I have been involved in the recent Q & A games, and some questions are really difficult to answer, but 10 seconds is not enough for Baidu, so I wrote a secondary ticket, in this way, when a question occurs, Baidu automatically takes 2 seconds. The remaining 7 or 8 seconds can be analyzed and answered, improving the probability of winning.
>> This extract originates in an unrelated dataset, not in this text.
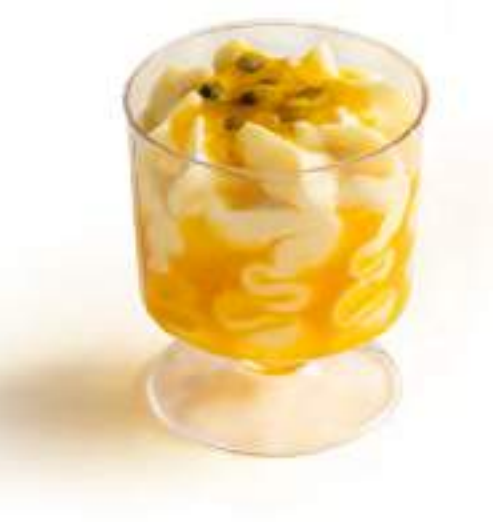
PASSION FRUIT Passion fruit coulis, white chocolate mousse.

For the source code, see my github: click the link

Analysis of the Principle: Use the adb command to capture the video playing interface of the mobile phone, and then obtain the question and answer through python interception and ocr. Then Baidu gets the result. How to set up this environment? contact me if you have any children's shoes you need. because local ocr is used, parsing is free of money and there are no restrictions on use.

Code on github

Ocr_b1_py, which automatically goes to Baidu Based on the question, then opens a browser to display the search results

#-*-Coding: UTF-8-*-import pytesseractimport timeimport webbrowserimport subprocessfrom PIL import Imagedef main (): "main function" op = yes_or_no? ') If not op: print ('bye') return # core recursion ocr_subject_parent () # for root, sub_dirs, files in OS. walk ('e:/temporarily received file/zhihu answer/million/'): # for file in files: # print ('found image:' + file) # img = Image. open ('e:/temporarily received file/zhihu answer/million/'+ file) # ocr_subject (img) def yes_or_no (prompt, true_value = 'y ', false_value = 'n', default = True ): "check whether the startup program is ready" default_value = true_value if default else false_value prompt = '{}{}/{} [{}]: '. Format (prompt, true_value, false_value, default_value) I = input (prompt) if not I: return default while True: if I = true_value: return True elif I = false_value: return False prompt = 'Please input {}or {}:'. format (true_value, false_value) I = input (prompt) def screenImg (true_value = '', default = True): prompt = 'when a question occurs, press enter to identify 'I = input (prompt) if not I: return default while True: If I = true_value: return True else: return False I = input (prompt) def ocr_subject (p ): # The interception distance starts from 530 and ends at 940 # The interception distance ends at 260. p = cut_img (p) pytesseract. pytesseract. tesseract_cmd = 'e:/Program Files (x86)/Tesseract-OCR/tesseract 'subject = pytesseract. image_to_string (p, lang = 'chi _ sim ') subject = "". join (subject. split () subject = subject. split ('. ') [1] print (subject) openPage (subject) ocr_subject_p Arent () def ocr_subject_parent (): result = screenImg () if result: start = time. time () # screenshot. check_screenshot () process = subprocess. popen ('adb shell screencap-p', shell = True, stdout = subprocess. PIPE) binary_screenshot = process. stdout. read () binary_screenshot = binary_screenshot.replace (B '\ r \ n', B' \ n') f = open('autojump.png ', 'wb') f. write (binary_screenshot) f. close () # screenshot. pull_scr Eenshot () img = Image.open('autojump.png ') print ("time consumed:" + str (time. time ()-start) ocr_subject (img) def openPage (subject): url = 'https: // www.baidu.com/s? Wd = {}'. format (subject) webbrowser. open (url) webbrowser. get () def cut_img (img): region = img. crop (70,260,102 5, 570) # region. save ("temp/cut_first.png") return regionif _ name _ = '_ main _': main ()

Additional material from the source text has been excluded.